Kinshasa, 11 octobre 2025 — Le ministre d’État en charge de la Justice, Guillaume Ngefa, a tiré la sonnette d’alarme face à la situation préoccupante des lieux de détention provisoire à Kinshasa. Après une visite d’inspection effectuée vendredi dernier dans plusieurs « amigos » de la Police nationale congolaise, notamment dans le district de la Tshangu, il a constaté un surpeuplement critique mettant en péril la dignité et la santé des détenus.
Les conditions observées par Guillaume Ngefa sont jugées inacceptables : des dizaines de personnes s’entassent dans des cellules exigües, sans aération suffisante ni accès régulier à la nourriture. Une situation que le ministre de la Justice a qualifiée de « violation morale de la conscience républicaine », rappelant que la dignité humaine ne s’arrête pas à la porte d’un cachot.
« Chaque détenu a droit à un traitement conforme à la loi et à la conscience morale de la République », a-t-il déclaré, insistant sur la nécessité d’un suivi régulier et d’une meilleure coordination entre les services judiciaires et les organes de sécurité.

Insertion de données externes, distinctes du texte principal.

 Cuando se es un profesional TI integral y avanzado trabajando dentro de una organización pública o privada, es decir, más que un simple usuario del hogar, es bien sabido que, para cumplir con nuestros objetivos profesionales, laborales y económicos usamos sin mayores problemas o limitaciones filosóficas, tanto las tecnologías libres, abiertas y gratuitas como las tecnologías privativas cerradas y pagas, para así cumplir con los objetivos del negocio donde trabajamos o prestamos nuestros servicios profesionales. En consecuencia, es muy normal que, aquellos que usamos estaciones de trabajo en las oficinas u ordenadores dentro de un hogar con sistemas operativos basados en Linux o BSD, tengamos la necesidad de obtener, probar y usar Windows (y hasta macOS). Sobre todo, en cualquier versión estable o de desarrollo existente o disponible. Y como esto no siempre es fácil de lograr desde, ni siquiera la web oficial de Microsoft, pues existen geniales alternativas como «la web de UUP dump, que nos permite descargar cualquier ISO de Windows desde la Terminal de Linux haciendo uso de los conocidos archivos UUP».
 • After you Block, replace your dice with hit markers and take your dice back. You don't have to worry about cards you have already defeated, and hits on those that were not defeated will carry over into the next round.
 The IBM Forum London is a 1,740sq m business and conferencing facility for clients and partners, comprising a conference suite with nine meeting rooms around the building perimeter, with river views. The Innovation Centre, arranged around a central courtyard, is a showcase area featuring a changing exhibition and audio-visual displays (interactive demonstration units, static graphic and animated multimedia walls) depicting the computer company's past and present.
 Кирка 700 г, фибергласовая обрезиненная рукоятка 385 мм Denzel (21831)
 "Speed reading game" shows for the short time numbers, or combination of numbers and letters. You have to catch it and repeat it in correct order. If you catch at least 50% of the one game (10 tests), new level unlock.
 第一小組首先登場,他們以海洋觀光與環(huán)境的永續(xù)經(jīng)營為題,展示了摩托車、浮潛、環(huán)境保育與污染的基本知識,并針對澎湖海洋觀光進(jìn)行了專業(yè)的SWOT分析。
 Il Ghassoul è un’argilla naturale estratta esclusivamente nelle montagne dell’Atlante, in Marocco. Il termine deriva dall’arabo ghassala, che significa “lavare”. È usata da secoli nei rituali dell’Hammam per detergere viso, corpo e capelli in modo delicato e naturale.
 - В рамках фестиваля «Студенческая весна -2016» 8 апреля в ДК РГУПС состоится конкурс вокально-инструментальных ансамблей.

Pour lui, il est impératif de désengorger sans délai les cachots surpeuplés afin d’éviter des drames humanitaires et des atteintes aux droits fondamentaux.
Le ministre a rappelé que, bien que ces infrastructures relèvent de la Police nationale congolaise ou des Auditorats militaires, le ministère de la Justice reste responsable du respect des droits des personnes privées de liberté. Ce constat s’inscrit dans un vaste programme de réforme du système carcéral congolais, dont l’objectif est d’assurer un encadrement humain et conforme aux standards internationaux.
En conclusion, Guillaume Ngefa a appelé à une action concertée entre la Justice, la Police et les autorités locales pour que la gestion des lieux de détention ne soit plus une zone d’ombre de l’État de droit, mais un miroir de la dignité et de la responsabilité de la République.